1.    EXERCISE OF WARRANTS.

      The purchase rights represented by this Warrant Certificate may be
exercised by the Warrant Holder during the period commencing the date
hereof and expiring at the close of business five years from the date
hereof, or if such day is a day on which banks in the City of New York
are authorized by law to close, then on the next succeeding day on which
banks are open for the transaction of business in such City, as follows:
on a cumulative basis as to __% of the shares of Common Stock on and
after the date of this Warrant; and an additional __% of the shares on
________________, by surrender of the Warrant Certificate with the
exercise form annexed hereto duly executed by the holder, or by an
attorney-in-fact duly authorized in writing, to the Company at the
principal office of the Company (currently at 45 Adams Avenue, Hauppauge,
New York  11788), together with payment of the Exercise Price in full, by
cash, certified check or bank draft.  The Company agrees that the Warrant
Holder shall be deemed to be the record owner of such shares of Common
Stock purchased as of the close of business on the date on which this
Warrant Certificate shall have been presented and payment made for such
shares as aforesaid.  Certificates for the shares of Common Stock so
purchased shall be delivered to the Warrant Holder within a reasonable
time after the purchase rights represented by this Warrant Certificate
shall have been exercised, not to exceed 10 business days following the
date of such exercise.

      If the Warrants represented by this Certificate shall be exercised
in part only, the Company shall, upon surrender of this Warrant
Certificate for cancellation, deliver a new Warrant Certificate
evidencing the Warrants not so exercised.

2.    ADJUSTMENT OF THE EXERCISE PRICE.

      The Exercise Price shall be adjusted from time to time as follows:

      (a)  If the Company shall declare and pay to the holders of Common
Stock a dividend in shares of Common Stock, the Exercise Price in effect
immediately prior to the record date fixed for the determination for
stockholders entitled to such dividend shall be proportionately
decreased, such adjustment to become effective immediately after the
opening of business on the date following such record date.

      (b)  If the Company shall subdivide the outstanding shares of
Common Stock into a greater number of shares of Common Stock or combine
the outstanding shares of Common Stock into a smaller number of shares of
Common Stock, the Exercise Price in effect immediately prior thereto
shall be adjusted so that the holder shall be entitled to receive the
number of shares which he would have owned or been entitled to receive
after the happening of any of the events described above had this Warrant
been exercised in full immediately prior to the happening of such event,
such adjustment to become effective immediately after the opening of
business of the day following the day upon which such subdivision or
combination, as the case may be, becomes effective.

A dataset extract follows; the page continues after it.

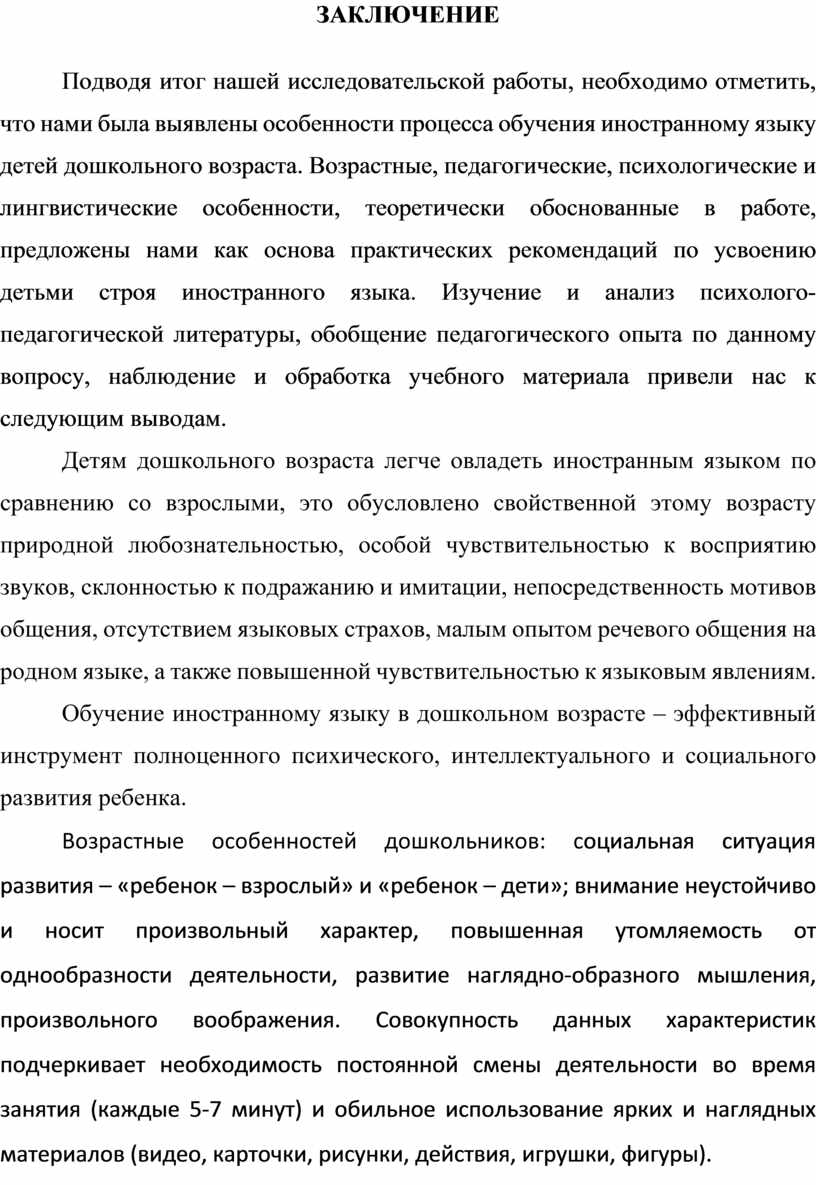 Подводя итог нашей исследовательской работы, необходимо отметить, что нами была выявлены особенности процесса обучения иностранному языку детей дошкольного возраста. Возрастные, педагогические, психологические и лингвистические особенности, теоретически обоснованные в работе, предложены нами как основа практических рекомендаций по усвоению детьми строя иностранного языка. Изучение и анализ психолого-педагогической литературы, обобщение педагогического опыта по данному вопросу, наблюдение и обработка учебного материала привели нас к следующим выводам.

      (c)  The number of shares purchasable upon the exercise of the
Warrant shall be that number determined by multiplying the number of
shares issuable upon exercise immediately prior to such adjustment by a
fraction, of which the numerator is the Exercise Price in effect
immediately prior to such adjustment and denominator is the Exercise
Price as so adjusted.

      (d)  In case of any capital reorganization, or the consolidation or
merger of the Company with or into another corporation (other than a
merger or consolidation in which the Company is the continuing
corporation and which does not result in any reclassification of the
outstanding shares of Common Stock or the conversion of the outstanding
shares of Common Stock into shares of other stock or other securities or
cash or other property), or the sale of the property of the Company as an
entirety or substantially as an entirety (collectively such actions being
hereinafter referred to as a "Reorganization"), any unexercised Warrants
granted hereby shall be deemed cancelled unless the surviving corporation
in any such Reorganization elects to assume the Warrants granted hereby
or to issue substitute warrants in place thereof; provided, however, that
notwithstanding the foregoing, if the Warrants granted hereby would
otherwise be cancelled in accordance with the foregoing, the holder shall
have the right, exercisable during a ten day period ending on the fifth
day prior to such Reorganization, to exercise this Warrant in whole or in
part; provided, further, however, that in the event such Reorganization
is not completed, such exercise of this Warrant by the holder shall be
deemed null and void and the holder hereof shall have all rights afforded
such holder as the owner of this warrant.

      Anything in this Section 2 to the contrary notwithstanding, the
Company shall not be required, except as hereinafter provided, to make
any adjustment of the Exercise Price in any case in which the amount by
which such Exercise Price would be decreased or increased by less than
$.05 per share of Common Stock, but in such case any adjustment that
would otherwise be required then to be made will be carried forward and
made at the time and together with the next subsequent adjustment which,
together with any and all such adjustments so carried forward, shall
amount to $.05 per share of Common Stock. In the event of any subdivision
or combination of shares of Common Stock, said amount (as theretofore
decreased or increased) shall be proportionately decreased or increased.
All calculations hereunder shall be made to the nearest whole cent.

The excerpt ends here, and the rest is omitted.